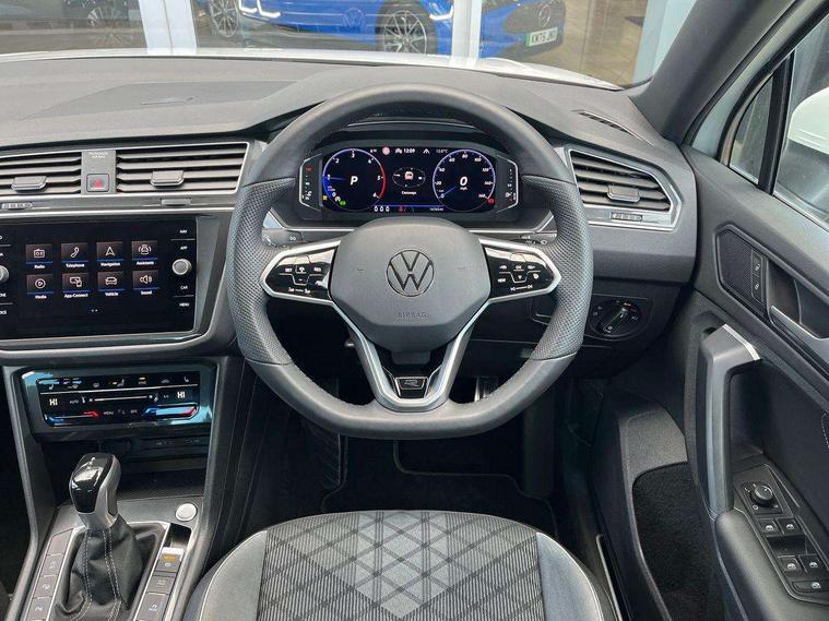 Adaptive cruise control ACC stop and go including speed limiter, App-Connect incl. App-Connect Wireless for Apple CarPlay and Android Auto, Bluetooth phone integration system, Distance control assist, Driver alert system, Driver profile selection, Dynamic road sign display, eCall emergency call system, Electromechanical speed sensitive power steering, Engine start/stop button, Lane keeping system Lane Assist, Lights on warning, Multifunction front facing camera, Outside temperature display, Premium multifunction display with multi colour display, Remote control boot opening, Rev counter, Revision / skills operating concept travel assistant, Service interval indicator, Speed limit display, Start/stop system with regenerative braking, Trip computer, Warning sound and light for doors and tailgate open, Battery regeneration during braking, Diesel particulate filter, Misfuel prevention device for diesel engine, Selective Catalytic Reduction, XDS electronic differential lock for improved traction and handling, 4 X 20 watt output, 8 Speakers, Diversity antenna for FM reception, Radio, SD card slot, Simultaneous pairing of 2 compatible mobile devices, SMS functionality - read, compose and send SMS messages using touch-screen display, Title and cover art display, USB C ports, Auto dimming interior rear view mirror, Automatic headlight control system, Body colour door handles, Chrome moldings on the side windows, Coming/leaving home lighting function, Dynamic headlight range control, Front and rear electric windows, Heated rear window, High level 3rd brake light, Laminated safety glass windshield, heat and sound insulating, LED headlamps with LED separate daytime running light and dynamic cornering light, LED rear combination lamps, LED rear number plate lights, License plate carrier in front and rear, Poor weather light and cornering light, R Line body kit, R Line side sills, Rain sensor windscreen wipers, Rear exhaust tailpipe, Rear fog lamp, Rear side wing doors, Rear spoiler in R style, Rear windscreen washer and wiper with interval delay, Side and rear windows in heat insulating glass, Trailer Stability Programme, Unique R Line badging, Windscreen wipers/ intermittent wipe + 4 position delay, 12V outlet in center console rear and in luggage compartment, 12V outlet in front and tray, 2 cup holders in front, 2 LED front reading lights, 2 LED rear reading lights, 3 bench rear seats in 2nd row, 3 rear headrests, 4 load lashing points, 40:20:40 split folding rear seats, Air Care Climatronic 3 zone automatic climate control with enhanced air filter and controls in the rear, Backrest release for left front seat, Black headlining, Brushed stainless steel pedals and footrest, Carpet mats in front and rear with decorative stitching in Gray, Climate control unit rear with touch function, Door and side trim panel in foam film, insert in leatherette, Front centre armrest, Front footwell illumination, Front seats head restraints (x-adjustment), Height adjustable front seats, Height/reach adjust steering wheel, Instrument lighting white adjustable panel illumination, Interior light with delay, Isofix Preparation 2 Rear child seats, Leather gear knob, Lockable cooled glovebox, Luggage compartment lighting, Luggage net, Rear bench seat asymetrically split folding, longitudinally movable and folding with load-through hatch and center armrest, Remote unlocking for rear seat backrest, Removable luggage cover, Removable rear headrests, Safety optimised front head restraints, Single front passenger seat, Sliding/reclining rear seats, Standard rear seat release, Storage compartment in driver's door, Storage compartment in passenger's door, Storage compartment in rear doors, Storage compartments in luggage area left and right, Storage tray on dashboard, Sun visors with illuminated vanity mirrors, Top front comfort seats, Variable boot floor, height adjustable and removable, Driver assistance pack plus - Tiguan DSG, 3 point seat belt for centre rear seats, 3 point seat belts with seat belt pretensioners for the outer rear seats, Active bonnet, Curtain airbags for front and rear passengers, Driver/Front Passenger airbags, Drivers knee airbag, Electronic parking brake with auto hold, Electronic Stability Control with driver steering recommendation, ABS, ASR, EDL, EDTC and trailer stabilization, Front assist with autonomous emergency braking (for Adaptive Cruise Control ACC up to 130 mph), Front disc brakes, Front passenger airbag deactivation, Front side airbags, Height adjustable front 3 point seatbelts + pretensioners, Hill hold control, Manual child proof rear door locks, Pedestrian monitoring system, Power assisted brakes, Proactive passenger protection system in combination with front assist, Rear disc brakes, Rigid safety cell with front and rear crumple zones, Two tone horn, Warning sound and light for front seat belts if unfastened, Anti theft alarm system with interior monitoring, backup horn and towing protection, Anti theft wheel bolts, Electronic engine immobiliser, Tool kit,
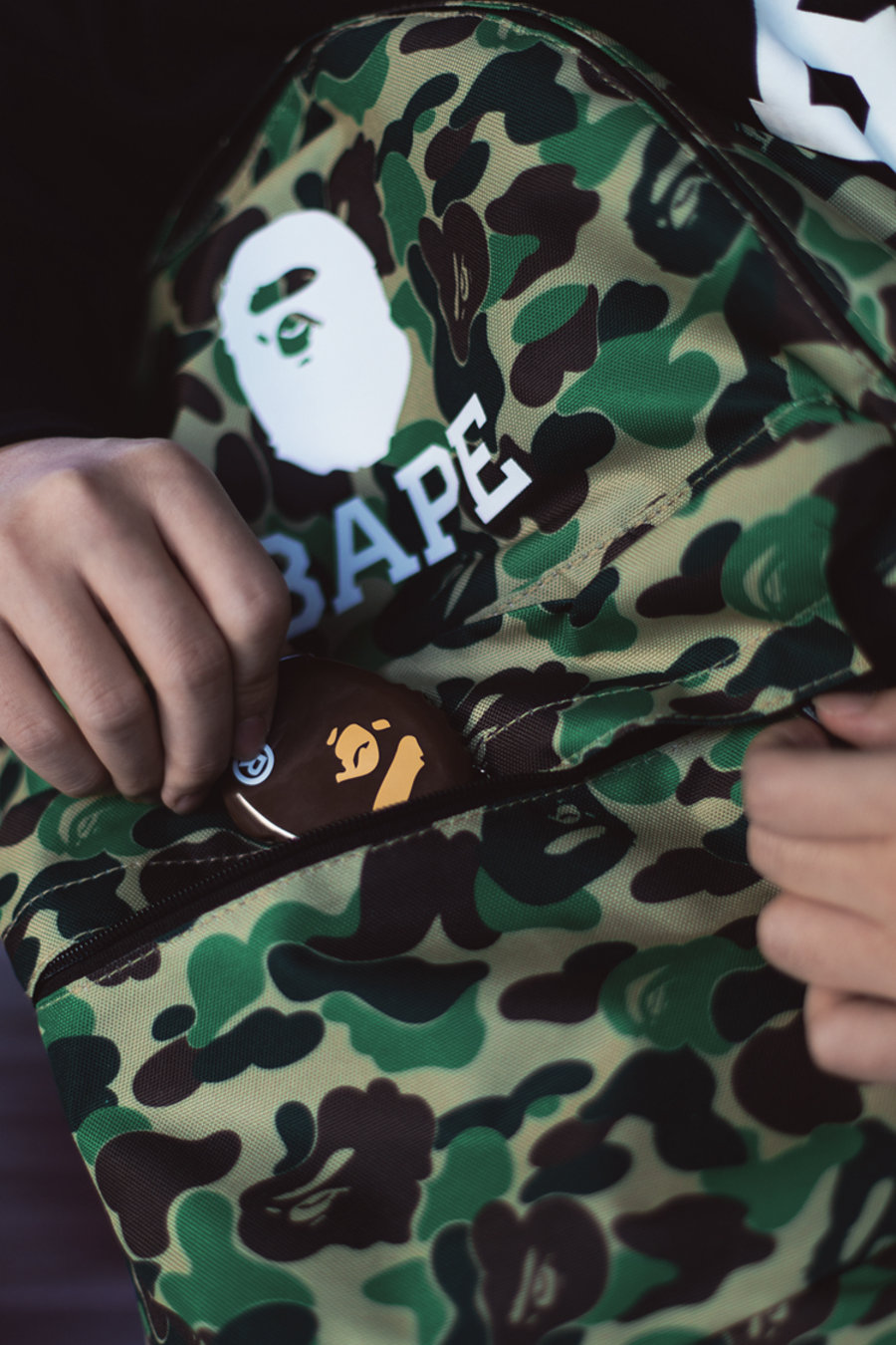 另一件黑色拉链帽衫则将 BAPE®️ 拿手的猿人 & 迷彩一并呈现。
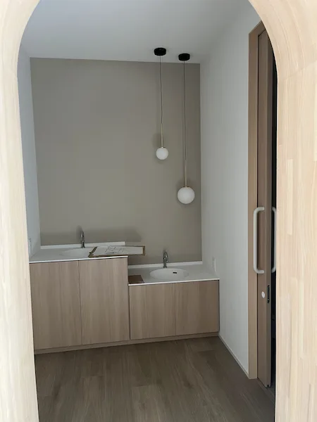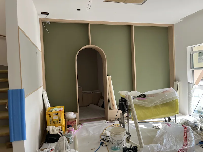 第2待合のアーチの壁の奥はお手洗いになっています。ここにも患者さんに居心地よく過ごしてもらう工夫をしてありますので完成をお楽しみに。
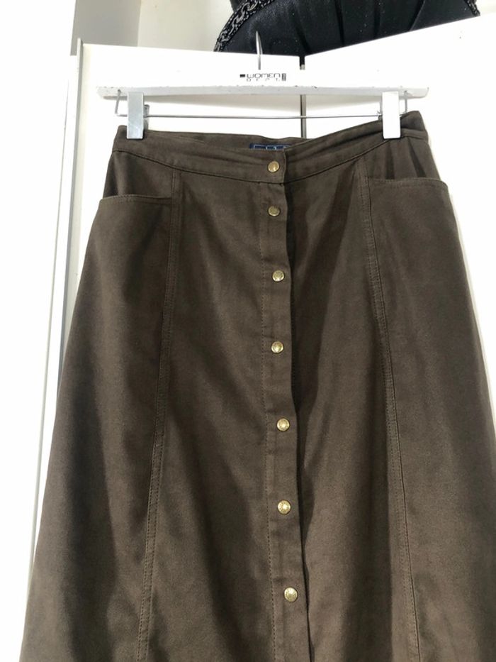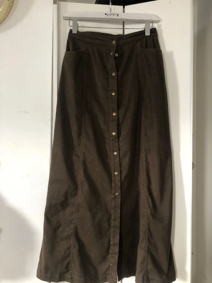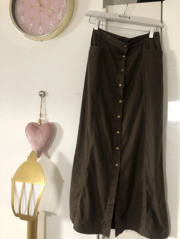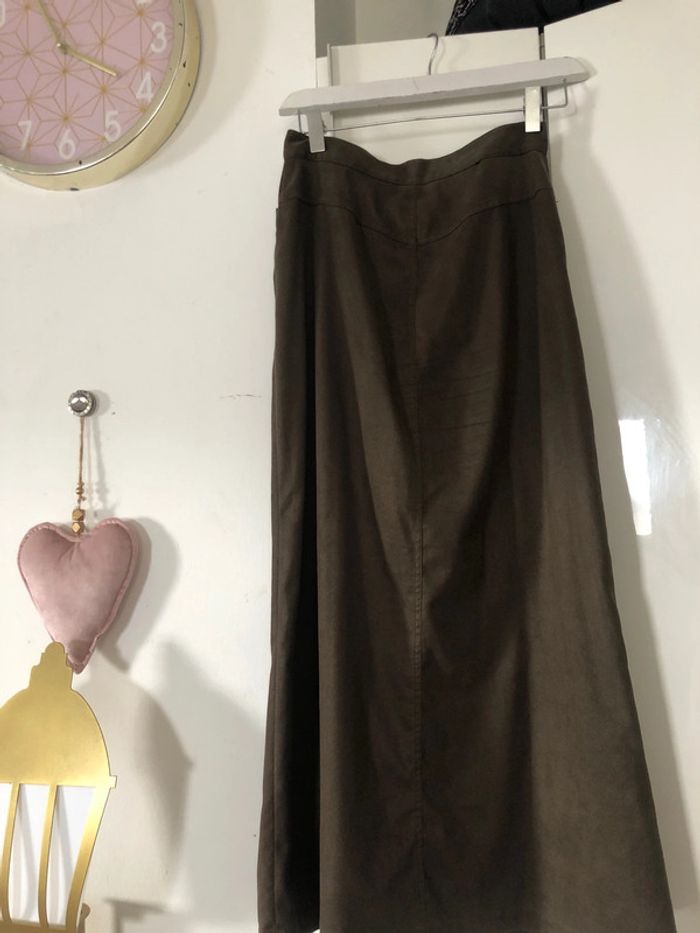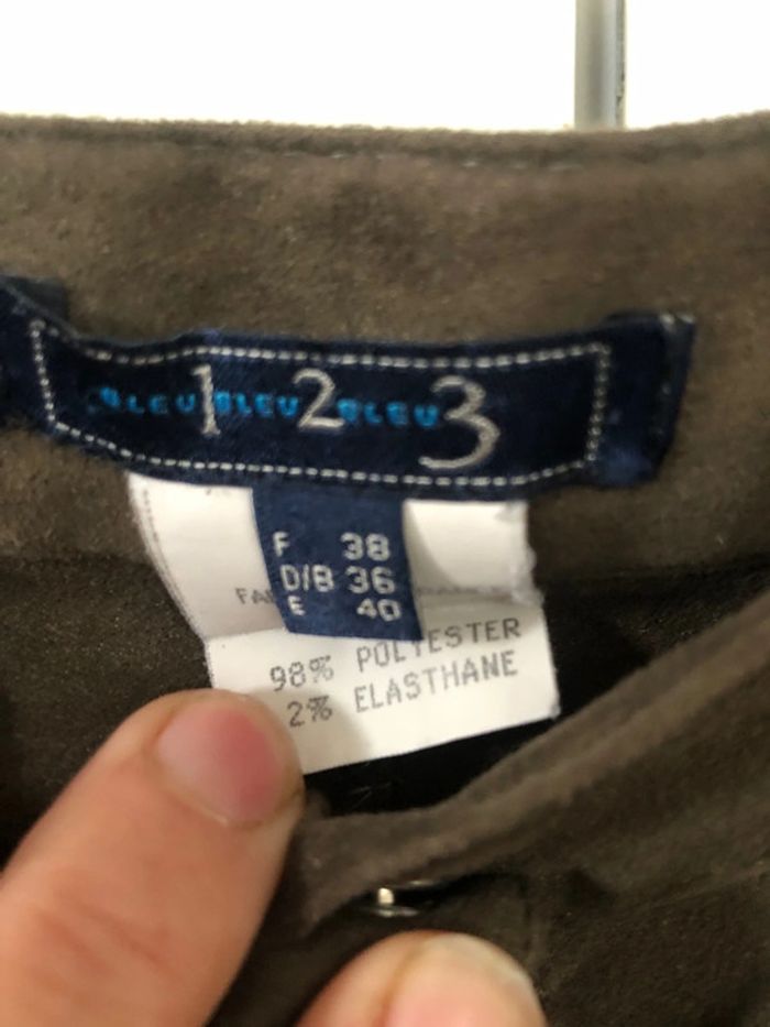 Tres Bon etat . Boutons à pression . 88 cm de longueur . 2 poches . Matière daim . Taille 34 cm . Note 38 mais taille plus petit

** ABOUT THIS EXERCISE **
From the line with "第2待合のアーチの壁の奥はお" through the final line of the data above, copy everything exactly, both ends included, but not the pictures.

** TASK RESULT **
 第2待合のアーチの壁の奥はお手洗いになっています。ここにも患者さんに居心地よく過ごしてもらう工夫をしてありますので完成をお楽しみに。
 Tres Bon etat . Boutons à pression . 88 cm de longueur . 2 poches . Matière daim . Taille 34 cm . Note 38 mais taille plus petit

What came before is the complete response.